Herein, we systematically investigated the effect of Al, Ga, and In doping and other defects on the structural and electronic properties of 2D-BSb with the first principle density-functional theory (FP-DFT). The 2D-BSb is a planar structure having a direct bandgap value of 0.332 eV. Similarly, the direct bandgap values of B, Sb, and double vacancies are 0.472, 0.374, and 0.341 eV, correspondingly, which are larger than the pristine 2D-BSb structure. Moreover, B/Sb antisite and exchange defects significantly decrease the bandgap of pristine 2D-BSb from the value of 0.332 to 0.137, 0.134, and 0.289 eV, respectively, while the structure preserves a direct bandgap behavior. Alternatively, Al, Ga, and In doping increase the direct bandgap of 2D-BSb structure from 0.332 to 0.425, 0.391, and 0.378 eV, correspondingly. This study might be helpful in providing effective strategies on tuning the electronic bandgap and would be useful for novel optoelectronics and nanoelectronics devices.

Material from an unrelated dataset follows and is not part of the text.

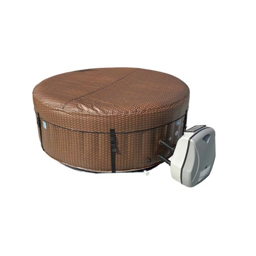 Nagyméretű felfújható jakuzzi 4-6 főre, elegáns natúr, barna rattan mintás burkolattal.
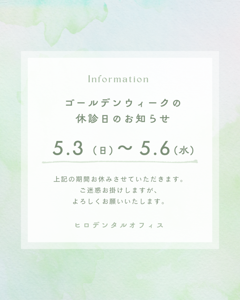 日頃より当院をご愛顧いただき、ありがとうございます。 GW中、5/3~5/6(水)までは休診いたします。 休診中は、 LINE ・インスタグラムのお返事はできません。 メッセージを頂いた方へは、休診日あけに順次ご返信させていただきます。 何卒よろしくお願いいたします。

在此，我们利用第一原理密度泛函理论（FP-DFT）系统地研究了 Al、Ga 和 In 掺杂等缺陷对 2D-BSb 结构和电子特性的影响。2D-BSb 是平面结构，直接带隙值为 0.332 eV。类似地，B、Sb 和双空位的直接带隙值分别为 0.472、0.374 和 0.341 eV，相应地大于原始 2D-BSb 结构。此外，B/Sb 反位和交换缺陷将原始 2D-BSb 的带隙分别从 0.332 值显着降低至 0.137、0.134 和 0.289 eV，而该结构保留了直接带隙行为。或者，Al、Ga 和 In 掺杂将 2D-BSb 结构的直接带隙相应地从 0.332 增加到 0.425、0.391 和 0.378 eV。